What are you making?
E- something.
Teacher, laughing- E, really? What kind of answer is that?
E laughs.
E- I'm making a bridge!
The girls quickly make a bridge and I pose the question of how
the cars get up onto the blocks.
E immediately sets up a ramp. Both girls make the car go across
the bridge. This was the fastest solution I've seen thus far.
Y then moves onto creating a huge bridge structure with a
foundation of square blocks on the "land" and a thin, long
rectangular block as the bridge.
Y then sets up a long cardboard tube as a tunnel/ramp and the
cars exit her bridge by going through this enclosed ramp. She then sets up a wonderful example of
symmetric balance.
The rest of the class is given a really great provocation. They
read a book called, "Spilled Milk" which shows that spilled milk can
create images, similar to the way people see images in the clouds. The students
are given a dropper and a little container of water and they experiment. Some
try to draw specific things, others just drop the water and exclaim with
excitement when it looks like something recognizable.
We saw a dinosaur, a kitty, a car, a squirrel and New York State!
Once the students have an image they love, they sketch it on paper to remember
it.
116- I took group one to the studio for the second part of our inquiry into balance.
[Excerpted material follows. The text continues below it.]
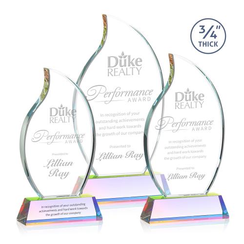 Of the Crystal Awards, this beautiful Croydon Flame Award on Newhaven Base - Prismatic is a great choice. (AWS17451-M) The Croydon award features an elegant 3/4" thick Starfire Crystal flame to commemorate your achievement with an eternal symbol of greatness. Mounted on your choice of 9 sparkling colored Newhaven bases. Second position etch optional.

They created drawings with symmetric balance.
108- I brought four students into the studio to create their animal habitats using observational drawing.
This one is turning out really well!
118- I brought another group in to create models of balance using art materials.
102- We brought a group in to work on their observational drawings of the farm. I showed one group the photographs I took and recorded a little bit of dialogue.
Teacher- What happened here?
S- The horses were parked.
I- They stopped so we could ride a sleigh ride.
J1- We rode on the sleigh ride.
S- We saw horses.
I- We had blankets.
J1- We saw Christmas trees. A really big one!
J2- We saw the forest and animal footprints.
J- That's the corn cage!
I- They make it for the animals and eat it.
S- It's for the chickens. They eat like this. (Demonstrates eating like a chicken.)
J2- And one for the roosters.
I- We rode a horse.
S2- No! It was a PONY.
J1- I rode the mommy one with the red rope.
I- There was a fire for when we were cold.
J1- It was so hot- we burned!
M- Then we saw a sheep.
S- I didn't know sheep were real!
And that is why field trips are such a necessary part of a well-rounded education.
101- We finished the Springtime mural! We had a critique and they reflected on what they learned about Spring!